The $303 billion fund will sell about 12 percent of its $25.5 billion real estate holdings. It won’t include any residential properties and the fund is open to offering it as a package or breaking it up, spokesman Joe DeAnda said.

Calpers is looking to sell as U.S. commercial property prices are hovering near all-time highs, having risen 12 percent in May from a year earlier, according to the Green Street Commercial Property Price Index, which measures institutional-quality properties.

“There is a wall of capital looking to invest in high-quality real estate right now, and barring any macroeconomic surprises, it is tough to envision a material decline in property values,” said Mike Kirby, chairman and director of research at Green Street Advisors LLC, a Newport Beach, California-based property research company. “As yet, there is no sign that the recent increase in interest rates has had an adverse impact, and there is a good chance that it won’t.”

The pension fund will reinvest the money in other real estate assets and managers that are more in line with its current strategy, Paul Mouchakkaa, senior investment officer, said in a statement Tuesday.

New York-based Park Hill Group Inc. has been chosen to help with the sale. The size of the sale could vary based on conditions in the real-estate market and how much it can absorb, the fund said in the statement.

Fund Struggles

The sale comes as Calpers struggles with the increasing burden of benefits promised to more than 1.7 million government workers. It has about 77 percent of the money it needs to cover pensions for state and local employees. When investment returns fall short of its 7.5 percent target rate, taxpayers need to make up the difference.

Ted Eliopoulos, the fund’s chief investment officer, said June 16 that Calpers earned 3 percent in the 10 months ending April 30 and probably won’t meet its target rate for earnings this year. Last year, the fund decided to divest its entire $4 billion from hedge funds, citing their complexity and cost.

Eliopoulos announced June 8 that he intends to reduce the number of outside managers the fund hires from about 200 to about 100 by 2020 as a way to lower how much in fees it pays to Wall Street.

Steady Yields

Calpers has about 8.4 percent of its money in real estate, below its 10 percent target.

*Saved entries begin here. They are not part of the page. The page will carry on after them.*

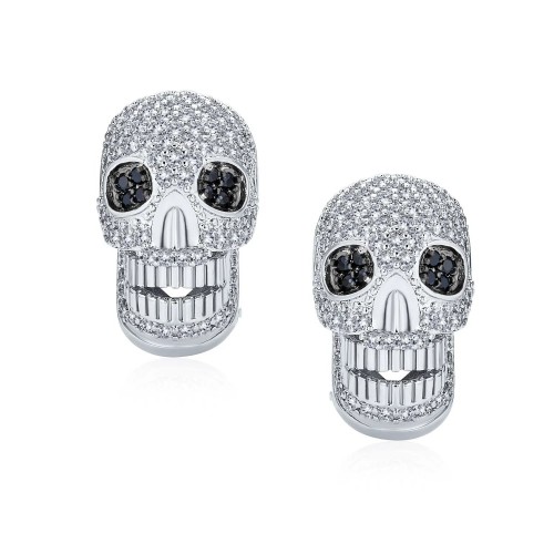 Unisex Biker Jewelry CZ Skull Stud Earrings, Goth Punk Dia De Los Muertos Style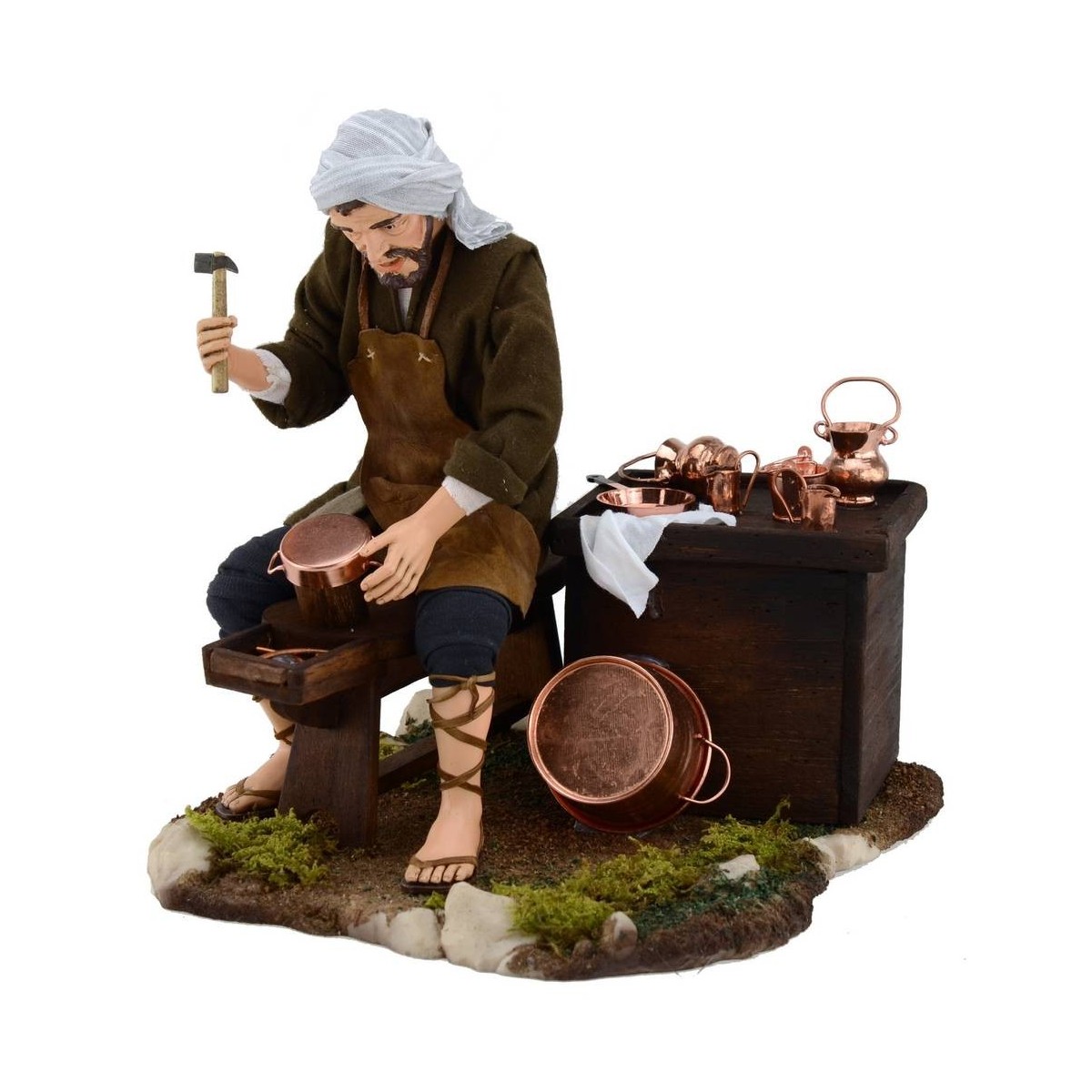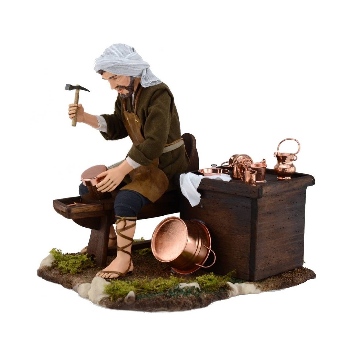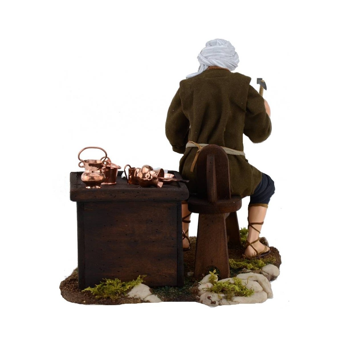 Ramaio in resina al lavoro serie 30 cm della Pigini, la statua è vestita in tessuto e la composizione presenta sul bancone minuteria in rame ben rifinita.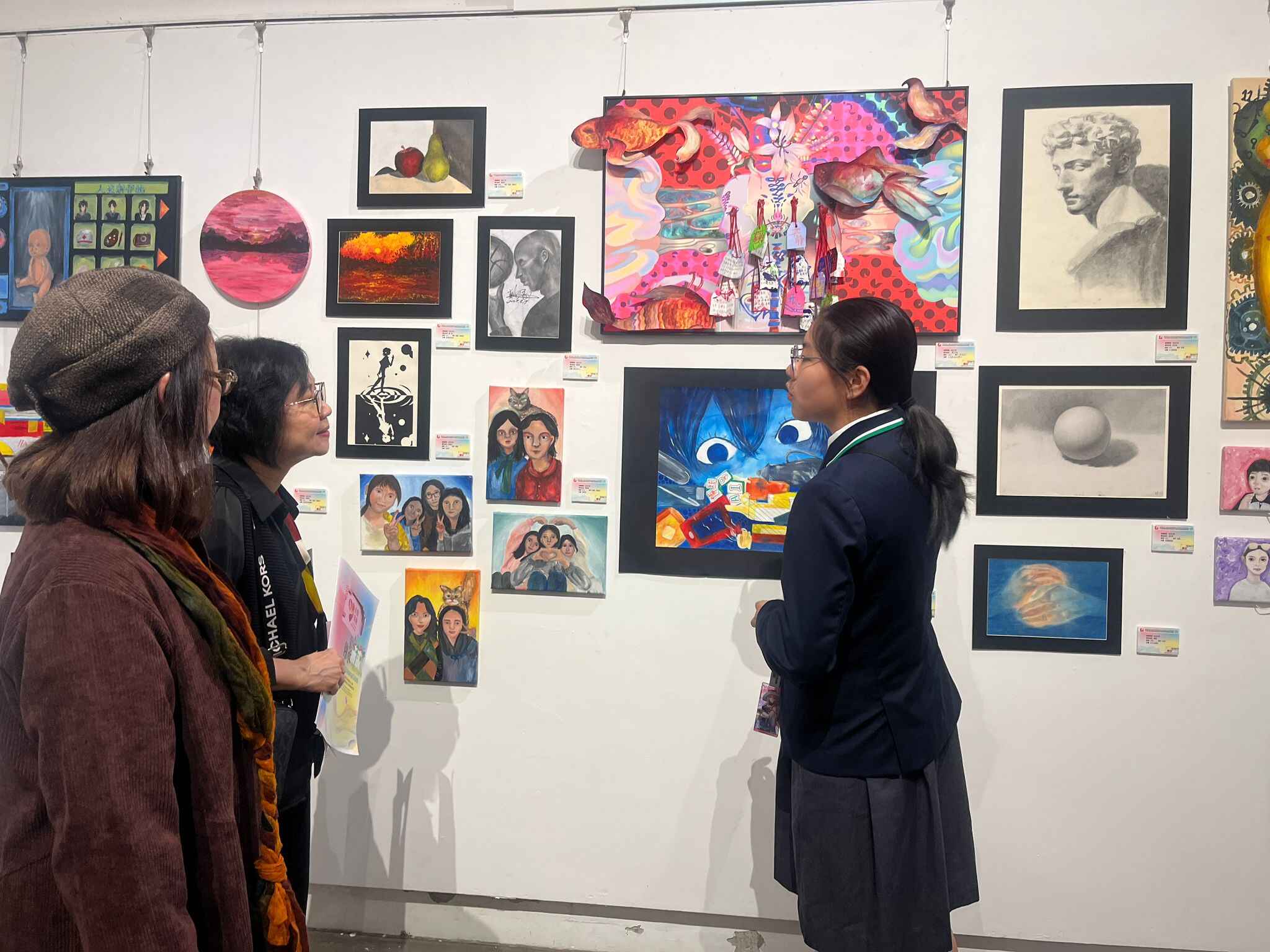 本校學生亦展示了17件初中及高中學生的作品,一眾師生及家長亦到場支持,見證我校學生的成果,並欣賞不同學校之藝術作品。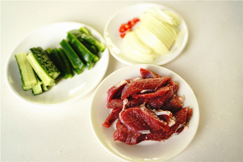 牛肉切块,加入少许盐和黑胡椒调味,小辣椒切碎、洋葱、青椒、黄瓜切成条状备用;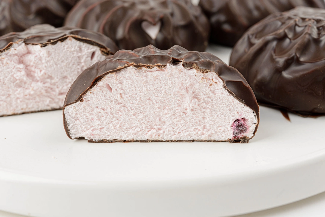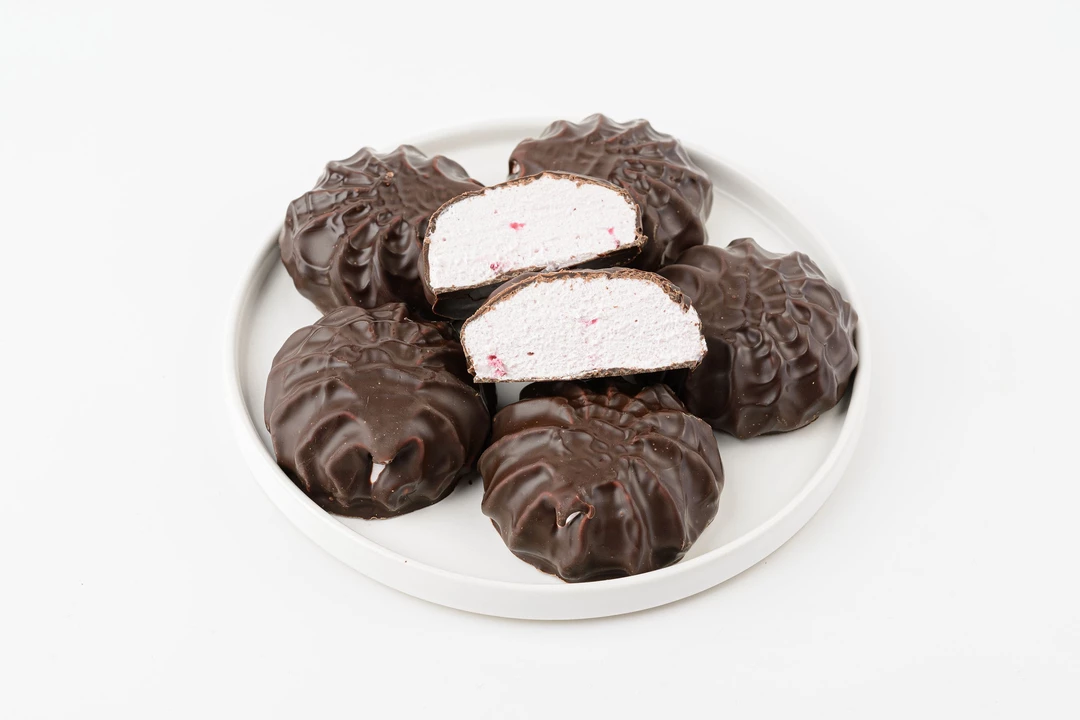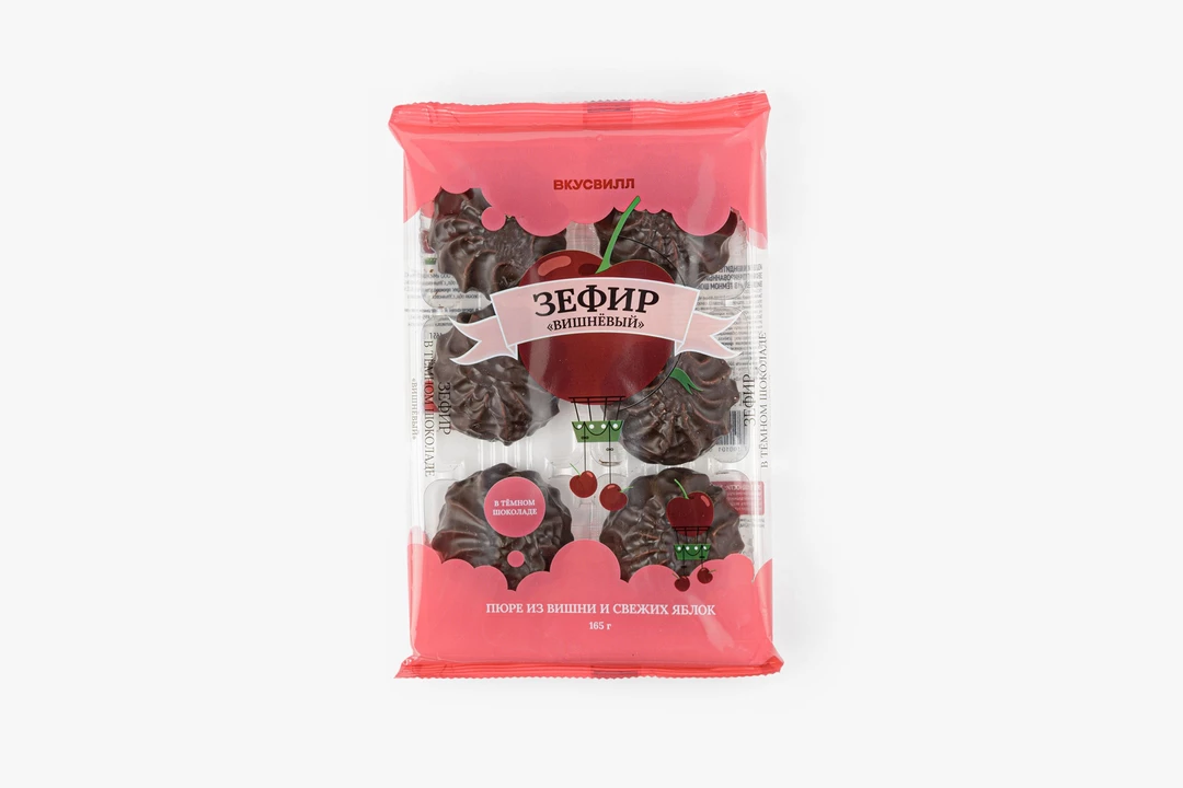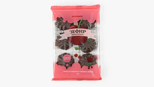 Натуральный воздушный зефир, облитый тёмным шоколадом. В его основе пюре из свежих яблок и вишни, которое придаёт лакомству яркую фруктовую кислинку с лёгкой терпкостью, а кусочки сублимированной вишни добавляют интересный акцент. Тёмный шоколад с горьковатыми нотами какао мягко оттеняет сладость начинки. Зефир хорошо сочетается с чёрным чаем или зерновым кофе, его можно подать в качестве десерта или взять несколько штук с собой для сладкой паузы в течение дня.

Calpers began restructuring its real estate portfolio after suffering a 37 percent loss in 2010, when it wrote off speculative residential investments as property values slumped. As part of the overhaul, the fund has focused on core income investments such as rental apartments, industrial parks, offices and retail space.

Investors, including foreign wealth funds, have flocked to U.S. real estate for steady yields that exceed what they can earn on many bond investments. Prime office towers in major coastal markets and apartment properties buoyed by robust rental demand have been among the most popular real estate types.

Commercial real estate sales have jumped this year. Properties valued at $238.7 billion changed hands in the first half, up 23 percent from $193.8 billion a year earlier, according to Real Capital Analytics. Foreign investors accounted for 16.5 percent of the deals this year, up from 10.3 percent in the first half of last year, according to Real Capital.